Wage garnishment is used in situations when a person is not paying a particular type of debt. This process is often times used to collect for taxes, child support, and/or student loans in default.

If you are worried about becoming a victim of wage garnishment this is not something that will just pop up out of nowhere. For instance, if you owe back taxes, there are several steps that the IRS must take before moving forward with this process.

1. Send a Notice and Demand for Payment.

2. The person must then refuse to pay the tax and ignore the notice.

3. Thirty days before the wage garnishment takes place the IRS must send one last notice known as a Final Notice of Intent to Levy and Notice of Your Right to A Hearing.

So if you receive a Notice and Demand for Payment you have two options. You can either comply and pay what you owe, or let the process unwind and eventually have the IRS proceed with wage garnishment.
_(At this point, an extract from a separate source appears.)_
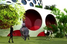 Residents can order biological food every day by computer. Vegetables and fruits grow in the collective garden and in the greenhouse on the roof. Meat will come from the sheep, cows and chickens that live in the collective garden. These animals will provide all kinds of products and will also keep the grass short. In this way there is no need for packaging food and there is no transport. The food is being cooled in the basement of the building and sold in the retail stores at the ground floor.

Why would an employer listen to the IRS when asked to garnish the wages of an employee? The reason for this is simple: they don't want to get involved and in turn be held responsible for any damages. In turn, wage garnishment is added to the payroll process to ensure that the proper amount is deducted from each paycheck. Wage garnishments continue until the debt is paid off in its entirety, or you decide to make other arrangements.

Wage garnishment can have many negative effects on your personal life as well as your finances. For instance, wage garnishment will lower your credit score and subsequently make it difficult to obtain a loan. Additionally, financial institutions are less likely to offer you a bank account if your wages have been garnished in the past. And of course, this can cause a lot of harm to your reputation within your company.

IRS wage garnishment is a serious issue, and it should not be taken lightly. If the IRS ends up using a wage levy against you to collect there are many ways to stop it. It is best to talk with a tax relief professional to come up with the best solution for your unique tax and financial situation.